Make an exact copy of the data below, leaving out every picture.

Supplied material:
- Opening Delimiter -
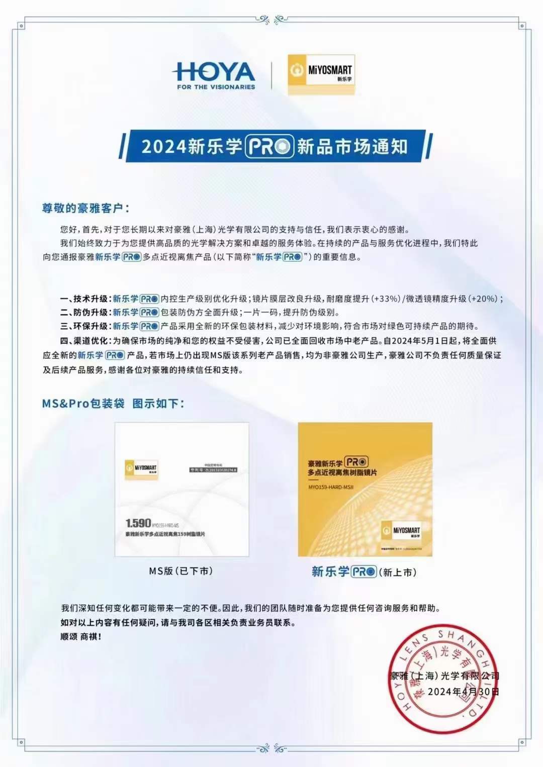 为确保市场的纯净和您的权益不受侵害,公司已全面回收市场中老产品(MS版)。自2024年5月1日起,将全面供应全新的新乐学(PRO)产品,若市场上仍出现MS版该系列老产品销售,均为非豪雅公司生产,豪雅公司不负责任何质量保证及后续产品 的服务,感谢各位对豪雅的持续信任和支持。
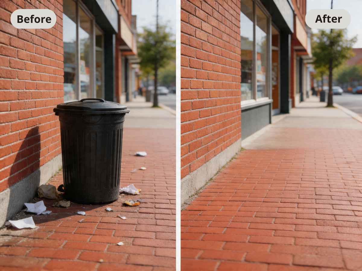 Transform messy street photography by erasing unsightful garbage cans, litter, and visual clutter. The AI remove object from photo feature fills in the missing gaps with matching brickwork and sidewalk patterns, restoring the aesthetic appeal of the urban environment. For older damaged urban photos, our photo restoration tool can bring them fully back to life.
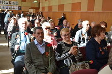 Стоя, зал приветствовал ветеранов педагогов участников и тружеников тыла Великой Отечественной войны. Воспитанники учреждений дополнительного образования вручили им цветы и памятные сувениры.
- Closing Delimiter -
Reply to the exercise:
 为确保市场的纯净和您的权益不受侵害,公司已全面回收市场中老产品(MS版)。自2024年5月1日起,将全面供应全新的新乐学(PRO)产品,若市场上仍出现MS版该系列老产品销售,均为非豪雅公司生产,豪雅公司不负责任何质量保证及后续产品 的服务,感谢各位对豪雅的持续信任和支持。
 Transform messy street photography by erasing unsightful garbage cans, litter, and visual clutter. The AI remove object from photo feature fills in the missing gaps with matching brickwork and sidewalk patterns, restoring the aesthetic appeal of the urban environment. For older damaged urban photos, our photo restoration tool can bring them fully back to life.
 Стоя, зал приветствовал ветеранов педагогов участников и тружеников тыла Великой Отечественной войны. Воспитанники учреждений дополнительного образования вручили им цветы и памятные сувениры.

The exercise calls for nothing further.